Em 2008, quando Pequim sediou pela primeira vez uma edição dos Jogos Olímpicos, a imprensa americana decidiu adotar um critério diferente para o ranking do quadro de medalhas. Em vez de classificar os países pelo número de ouros, como historicamente é feito pela mídia internacional, preferiu ordenar pelo total de pódios conquistados.
Evitaram, com isso, mostrar aos compatriotas que os EUA estavam sendo ultrapassados pelos chineses, deixando escapar uma hegemonia olímpica que durava desde 1996. A última vez que os americanos haviam perdido a liderança foi em 1992, em Barcelona, quando o topo do quadro ficou com a Comunidade de Estados Independentes (CEI), que reunia atletas de estados que haviam feito parte da União Soviética, extinta um ano antes.
A disputa pelo reinado olímpico guarda um paralelo com o que tem acontecido com a ordem geopolítica mundial. Se até o início dos 1990 os EUA rivalizavam com os soviéticos, em uma corrida para ser a maior potência política e econômica do mundo, na chamada Guerra Fria, agora a briga de poder é com a China, depois de um longo tempo em que os EUA não tiveram oponentes.
Quem chama atenção para esta nova Guerra Fria é o americano Scott Galloway, escritor, empreendedor, professor da Universidade de Nova York e um dos gurus do Vale do Silício. "Voltamos a um mundo bipolar. Um duopólio de superpotências será novamente o princípio organizador. Desta vez, quem mede forças com os EUA é a China", disse o escritor, em artigo publicado em seu blog.
De 1990 para cá, o crescimento chinês tem ofuscado a expansão de qualquer outro país, ressalta Galloway. No período, a China registra uma expansão média anual do PIB de 13%. Os EUA, por seu turno, avançam a um ritmo de 4,35%.
Ao citar dados do Banco Mundial, Galloway destaca também que o número de pessoas que vivem abaixo da linha da pobreza na China caiu de 750 milhões, na década de 1970, para menos de 10 milhões atualmente. E que a quantidade de chineses com um patrimônio superior a US$ 110 mil já é superior ao de americanos.
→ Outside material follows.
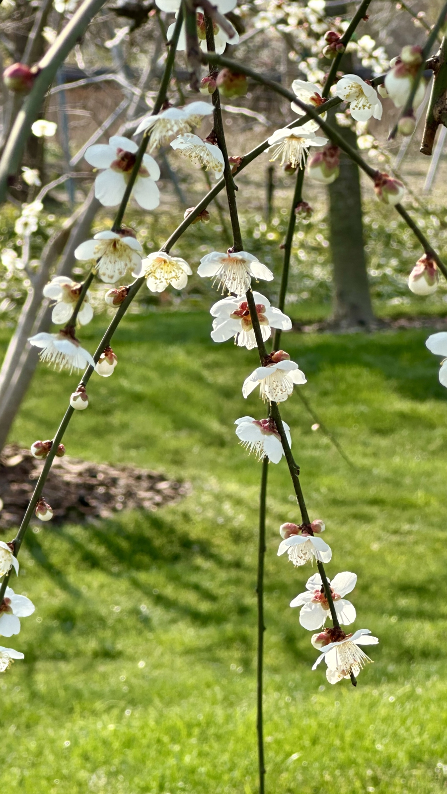 昨天,新民晚报记者来到天下花艺园。进口处即是两株宏大的千年油橄榄,仿佛在静立迎宾。走进园内,200多株垂枝梅口头相反,花枝如瀑布雷同歪斜而下。有的枝条上已开满花朵,有的则缀满花苞,等这几天阳光一晒就会“爆花”。
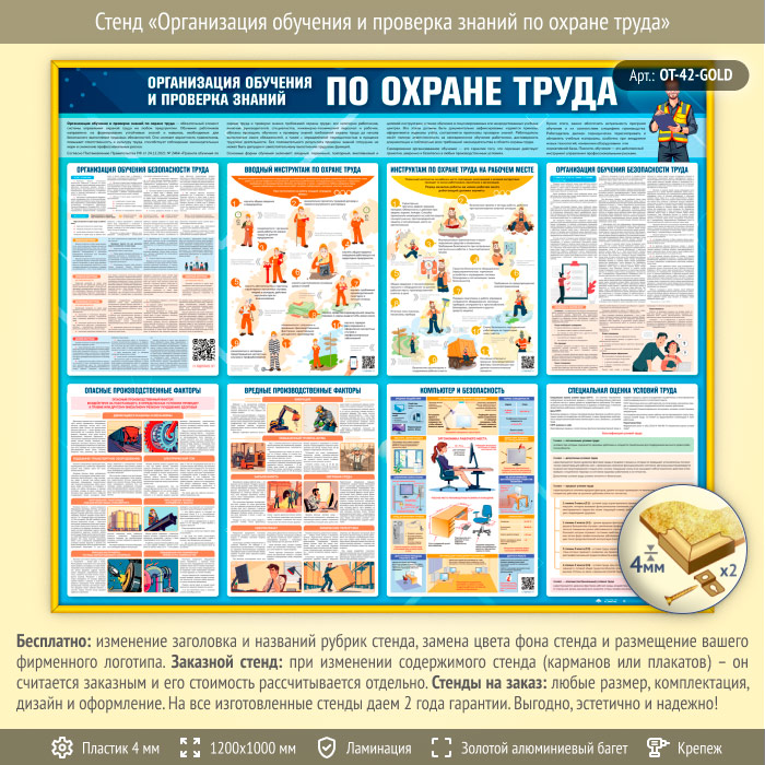 Стенд «Организация обучения и проверка знаний по охране труда» (OT-42-GOLD) в Ижевске купить

Se a ideia é medir forças, é preciso analisar também o poderio militar. Embora invista menos do que os EUA, a China tem o maior exército do mundo, com 2,2 milhões de pessoas na ativa. E é “o estado melhor posicionado para se juntar aos EUA no primeiro escalão”, segundo uma análise do Instituto Internacional de Estudos Estratégicos, mencionada pelo guru do Vale do Silício.
“A China é também o único país que compete com os EUA pela liderança em concessões de patentes, lançamentos espaciais e medalhas olímpicas”, afirma o escritor.
As comparações lembram a Guerra Fria dos livros de história, certo? Sim. Mas, para Galloway, a Guerra Fria do século 21 tem muitas diferenças. Para ele, o relacionamento entre as duas grandes potências do momento é mais cooperativo e menos belicoso.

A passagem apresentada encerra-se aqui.